БВ: Да, чтобы сохранить свой голос, свою психику и энергию, я попросил руководство разрешить посещать только спектакли и не ходить на другие репетиции. Конечно, я понимал, что мне будет тяжело: мне ведь самому-то надо учить и репетировать «Билли Бадда», «Идиота», и у меня очень много впереди планов, проектов и работы, к которой я ещё не готов. Сначала думал, что всё будет нормально, но я не ожидал, что надо будет столько петь. А когда уже вышли на сцену, где специфические акустические моменты и разные мизансцены, то это была уже иная атмосфера, другое пространство, взаимоотношение и со сценой, и с залом. Другие ощущения. Вот я и подумал, что лучше всё-таки поберечь себя. Да, в это время я был всё время дома, только вечером ездил в театр, потом приезжал домой и засыпал минимум в три часа.

МС: Волновались?

БВ: Нет, не волновался — не такое уж и полное истощение было. Просто когда каждый день на сцену выходишь, всё равно ты что-то отдаёшь. А когда принимаешь от зрителей эту «бомбу», которая бывала после каждого спектакля в двух составах, — это тоже большой энергетический шок! Успокоиться и отвлечься сразу невозможно, поэтому вечером ещё восполняешь энергию. На самом деле тяжелее, когда ты репетируешь с утра до ночи каждый день: это истощает ещё больше, чем сцена. Для меня это был интересный период.

МС: Расскажите, как проходили репетиции. Вам ведь удалось пропеть с двумя разными составами.

БВ: Репетировал я даже с тремя составами. Конечно, в итоге всё могло поменяться — это живой процесс — один состав репетирует, второй смотрит, потом меняемся. Так чаще всего на всех постановках и бывает.

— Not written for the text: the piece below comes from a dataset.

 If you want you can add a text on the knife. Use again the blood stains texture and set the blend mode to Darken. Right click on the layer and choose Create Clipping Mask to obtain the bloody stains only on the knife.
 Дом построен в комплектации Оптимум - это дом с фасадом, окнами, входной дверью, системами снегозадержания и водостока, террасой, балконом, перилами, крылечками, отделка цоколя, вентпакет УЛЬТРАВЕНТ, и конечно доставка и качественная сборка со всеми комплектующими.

Составы комбинировали до тех пор, пока окончательно не определились с исполнителями. Изначально все было понятно только с первыми двумя ролями, всё остальное искалось в процессе. Забавно было, что мы додумывали мизансцены вплоть до премьеры. Там был один момент, когда надо было убедить зрителя, что Манон и Де Грие улетают на шаре. Адольф Яковлевич Шапиро предложил, для правдоподобности, чтобы это читалось и было видно, чтобы они шли к шару уже в накидках. Как раз, когда Де Грие зовет Манон и поёт (напевает): “Ah, Manon, Manon, v’imploro, ah, fuggiam…”, я должен был говорить им: “Presto! Presto!”, подгонять их — и я предложил держать эти две накидки. Адольф Яковлевич сказал, что это гениальная идея, только нужно было договориться с Де Грие. Мне кажется, в этом акте самое красивое место — именно эта фраза, всего одна, но зато очень экспрессивная. Мы с Юсифом договорились, что он споёт первый си-бемоль — и я ему даю один плащ, он накидывает его на Манон, далее он поет следующую фразу и я даю второй плащ ему или накидываю на него. Я про то, что поиски были абсолютно всё время!

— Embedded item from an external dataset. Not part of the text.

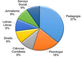 Entretanto, ressalta que as questões que envolvem mulheres com deficiência são diferentes das situações vivenciadas pelos homens com deficiência, além de também não serem iguais às demandas das mulheres sem deficiência, visto que as opressões, preconceitos, invisibilidade e silenciamentos que as mulheres com deficiência sofrem diariamente devem ser discutidos com o intuito de promover ações que lhes possibilitem melhor qualidade de vida (SILVA, 2020). Diante disso, apresentamos os dados quantitativos dos cursos em que as universitárias estão inseridas.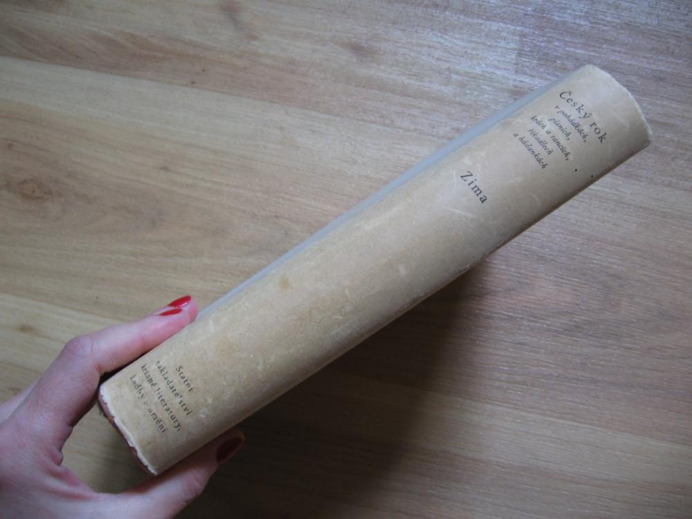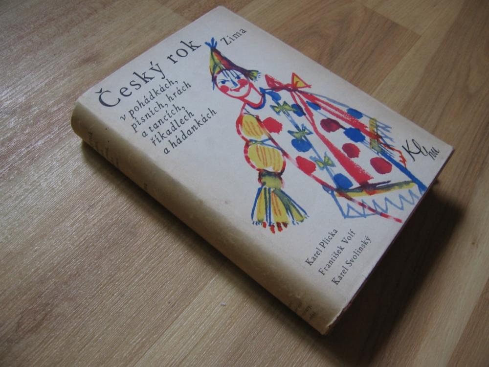 Nabízím krásnou knihu pro děti a mládež "Český rok v pohádkách, písních, hrách a tancích, říkadlech a hádankách", poslední IV. díl - ZIMA. Autoři: Karel Plicka, František Volf, Karel Svolinský (krásné barevné ilustrace). Kniha byla čtená, ale je zachovalá. Pevná vazba, papírový přebal (ohmataný, v jednom rohu 1,5 cm natržen), vyšisovaný sluncem přebal. Rok 1960, 1. vydání, 429 stran, Státní nakladatelství krásné literatury, hudby a umění. Praha. 99 Kč.

МС: Но они же на самом деле не летели, они же ушли вниз?

БВ: Ну, да, там были дублёры. Поэтому нужно было обыграть эти накидки: сначала на них накинуть, потом они идут, и т. д… Конечно, я согласен, зачем им летать? Пусть просто поют. Всем этого будет достаточно. Когда я первый раз в шар сел, мне, конечно, было страшно, я вообще никогда не летал на сцене. Высота… Но всё равно чувствуешь себя в безопасности, потому что ты находишься в корзине…

МС: Но это же самое начало арии?

БВ: Да, самое начало, мой выход, и потом я приземляюсь.

Фото из личного архива Богдана Волкова

Фото Дамира Юсупова

МС: Сложно было петь в процессе полёта?

БВ: Когда я пел, просто был более аккуратен в теле и сознании, чтобы не сделать лишнего движения, не шатнуться. И концентрация — на дирижёра. Когда мы на сцене поём, мы очень плохо слышим оркестр, потому что часто бывает так, что наш звук резонирует от пола и мы хорошо слышим только себя или ориентируемся на звук, который отдаётся от зала. Но оркестр-то в яме! В зависимости от фактуры оркестра иногда бывает, что ты ориентируешься только по руке дирижёра. Учитывая то, что я был примерно на шести–восьмиметровой высоте и не близко к авансцене, а вдали от неё, это тоже заставляло больше концентрироваться, чтобы не разойтись с оркестром. Иногда смотришь из зала на других певцов, и как будто они расходятся с оркестром. И думаешь: как же так получается? Вроде всё просто: квадрат на раз, два, три, четыре, а потом и сам на сцене в темп не попадаешь… Да, сознание на сцене сужается, становится более концентрированным, а время как будто замедляется или расширяется, поэтому иногда нет синхронности с оркестром. И в этих случаях нужно ориентироваться только на дирижёра (я говорю про сложности синхронизации пения и аккомпанемента). Но вроде справились, хотя мне кажется, что я немножко отставал. Но на шестой спектакль, мне кажется, всё уже было в порядке.

МС: Наверно, теперь вы можете в любой момент просто встать и спеть?

БВ: Да, я почти не распевался, у меня уже была хроническая распетость, я даже упражнения не пел — сразу к гримеру приходил, там чуть-чуть у него помурчал — и (напевает) “Ave, sera gentile”. Потому что всё уже легло на голос, уже было привычным.

МС: Если всё-таки о вашей партии поговорить — сложная она для вас была или нет?

БВ: Нет, не сложная.

МС: Не низковата для вас?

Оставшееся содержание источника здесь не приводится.